Je noie en tes deux yeux mon ame toute entiere
Et l'elan fou de cette ame eperdue,
Pour que, plongee en leur douceur et leur priere,
Plus claire et mieux trempee, elle me soit rendue.
S'unir pour epurer son etre,
Comme deux vitraux d'or en une meme abside
Croisent leurs feux differemment lucides
Et se penetrent!
Je suis parfois si lourd, si las,
D'etre celui qui ne sait pas
Etre parfait, comme il se veut!
Mon coeur se bat contre ses voeux,
Mon coeur dont les plantes mauvaises,
Entre des rocs d'entetement,
Dressent, sournoisement,
Leurs fleurs d'encre ou de braise;
Mon coeur si faux, si vrai, selon les jours,
Mon coeur contradictoire,
Mon coeur exagere toujours
De joie immense ou de crainte attentatoire.
Pour nous aimer des yeux,
Lavons nos deux regards, de ceux
Que nous avons croises, par milliers, dans la vie
Mauvaise et asservie.
L'aube est en fleur et en rosee
Et en lumiere tamisee
Tres douce:
On croirait voir de molles plumes
D'argent et de soleil, a travers brumes,
Froler et caresser, dans le jardin, les mousses.

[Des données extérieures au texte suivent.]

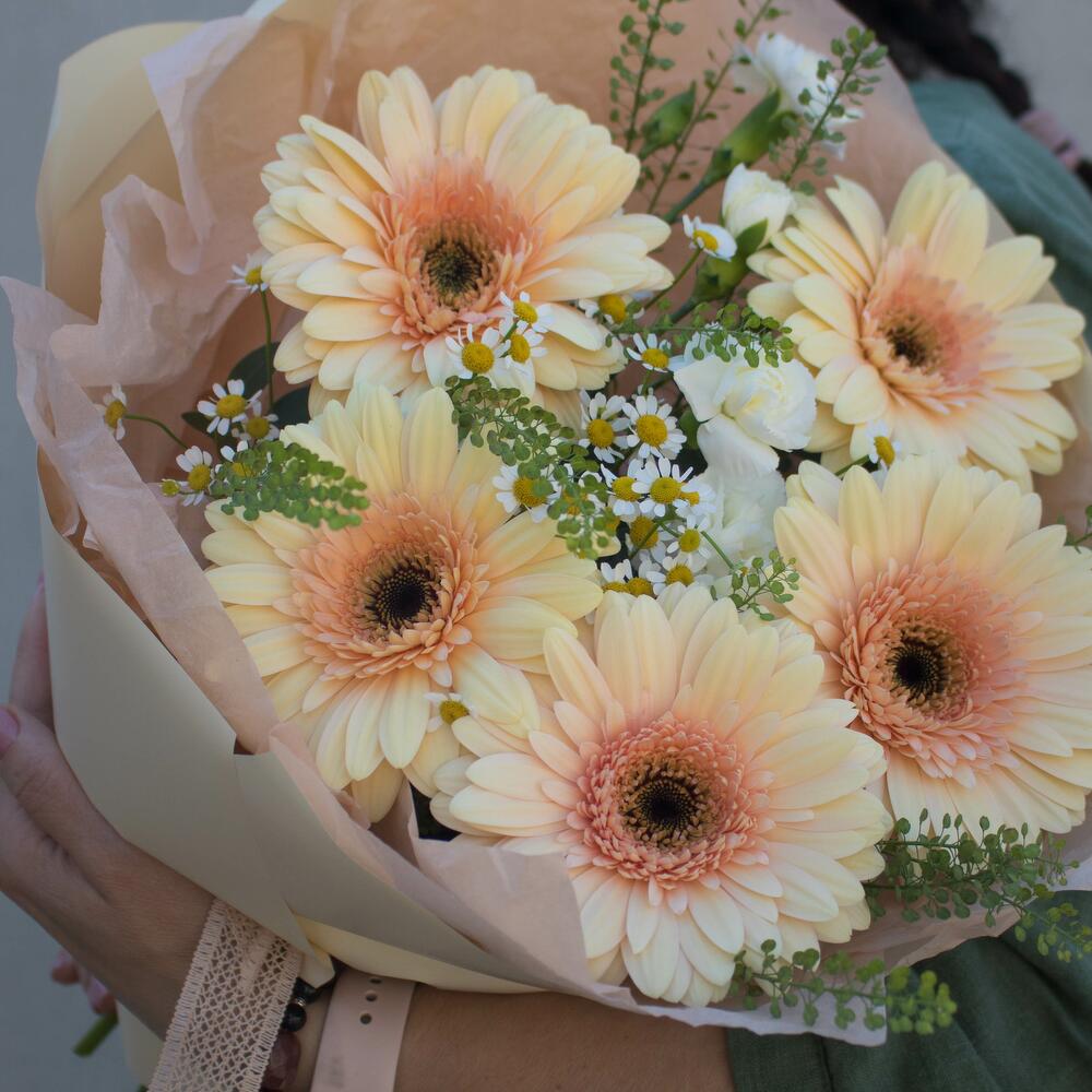 Гербера – 5 шт. Танацетум – 2 шт. диантс – 2 шт.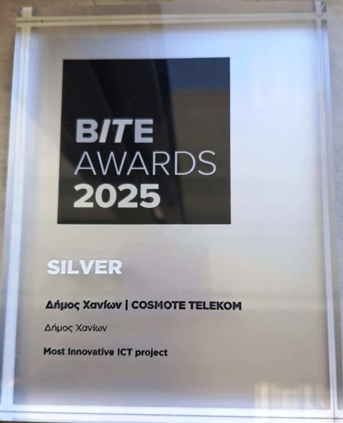 Ο Δήμος Χανίων απέσπασε το Silver Award στην κατηγορία Most Innovative ICT Project στα BITE Awards 2025, για το έργο «Έξυπνο σύστημα ελέγχου πρόσβασης στο Ενετικό Λιμάνι Χανίων», που υλοποιήθηκε σε συνεργασία με τον ανάδοχο COSMOTE TELEKOM.

Nos bleus et merveilleux etangs
Tremblent et s'animent d'or miroitant,
Des vols emeraudes, sous les arbres, circulent;
Et la clarte, hors des chemins, des clos, des haies,
Balaie
La cendre humide, ou traine encor le crepuscule.
Au clos de notre amour, l'ete se continue:
Un paon d'or, la-bas traverse une avenue;
Des petales pavoisent,
--Perles, emeraudes, turquoises--
L'uniforme sommeil des gazons verts;
Nos etangs bleus luisent, couverts
Du baiser blanc des nenuphars de neige;
Aux quinconces, nos groseillers font des corteges;
Un insecte de prisme irrite un coeur de fleur;
De merveilleux sous-bois se jaspent de lueurs;
Et, comme des bulles legeres, mille abeilles
Sur des grappes d'argent, vibrent, au long des treilles.
L'air est si beau qu'il parait chatoyant;
Sous les midis profonds et radiants,
On dirait qu'il remue en roses de lumiere;
Tandis qu'au loin, les routes coutumieres,
Telles de lents gestes qui s'allongent vermeils,
A l'horizon nacre, montent vers le soleil.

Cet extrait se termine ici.